* **Source material**:
━━━━━━━━━━
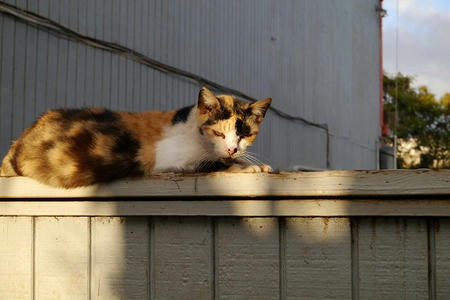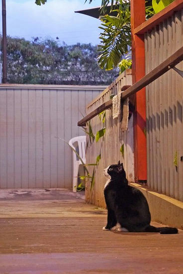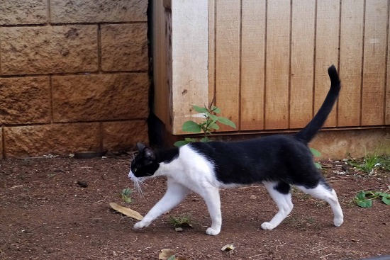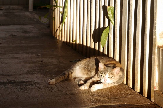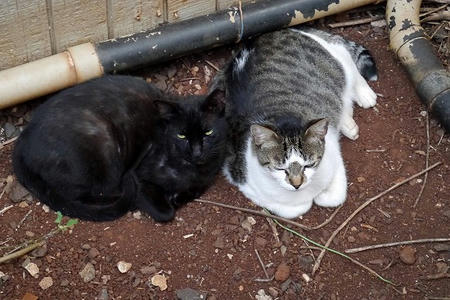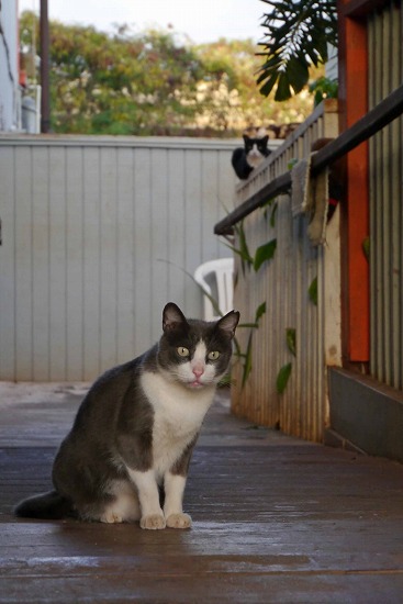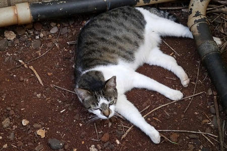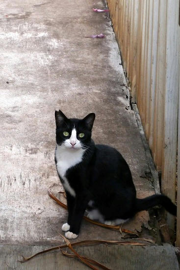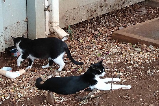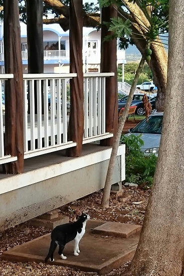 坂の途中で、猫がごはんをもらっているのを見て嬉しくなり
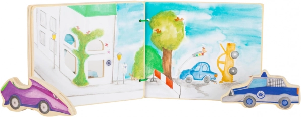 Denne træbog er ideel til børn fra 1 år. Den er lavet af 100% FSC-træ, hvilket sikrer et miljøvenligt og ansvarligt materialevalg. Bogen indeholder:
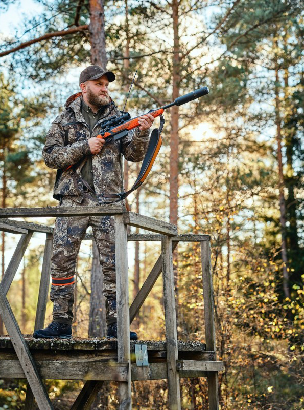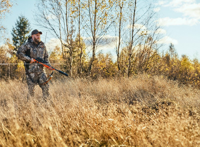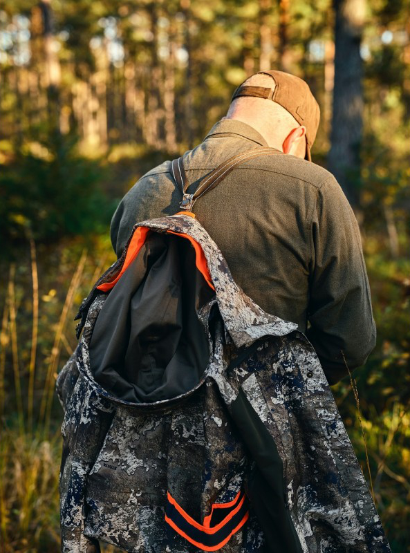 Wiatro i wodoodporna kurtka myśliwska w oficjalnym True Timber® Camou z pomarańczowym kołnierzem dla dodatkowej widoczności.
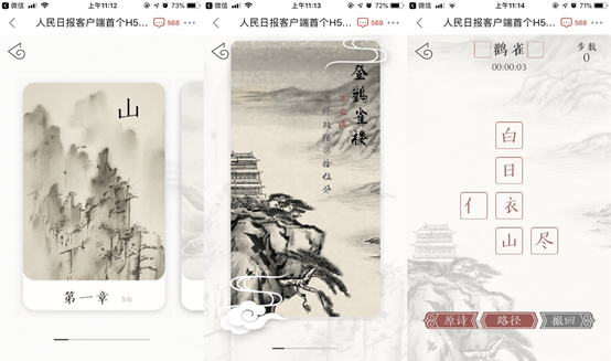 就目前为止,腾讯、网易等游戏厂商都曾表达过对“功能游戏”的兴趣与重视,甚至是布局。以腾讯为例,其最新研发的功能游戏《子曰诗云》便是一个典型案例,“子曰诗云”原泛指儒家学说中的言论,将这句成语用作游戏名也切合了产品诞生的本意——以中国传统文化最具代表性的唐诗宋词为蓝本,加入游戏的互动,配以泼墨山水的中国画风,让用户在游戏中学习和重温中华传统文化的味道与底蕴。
━━━━━━━━━━
* **What you should do**:
Repeat the listing word for word, omitting the pictures.

* **Completed task**:
 坂の途中で、猫がごはんをもらっているのを見て嬉しくなり
 Denne træbog er ideel til børn fra 1 år. Den er lavet af 100% FSC-træ, hvilket sikrer et miljøvenligt og ansvarligt materialevalg. Bogen indeholder:
 Wiatro i wodoodporna kurtka myśliwska w oficjalnym True Timber® Camou z pomarańczowym kołnierzem dla dodatkowej widoczności.
 就目前为止,腾讯、网易等游戏厂商都曾表达过对“功能游戏”的兴趣与重视,甚至是布局。以腾讯为例,其最新研发的功能游戏《子曰诗云》便是一个典型案例,“子曰诗云”原泛指儒家学说中的言论,将这句成语用作游戏名也切合了产品诞生的本意——以中国传统文化最具代表性的唐诗宋词为蓝本,加入游戏的互动,配以泼墨山水的中国画风,让用户在游戏中学习和重温中华传统文化的味道与底蕴。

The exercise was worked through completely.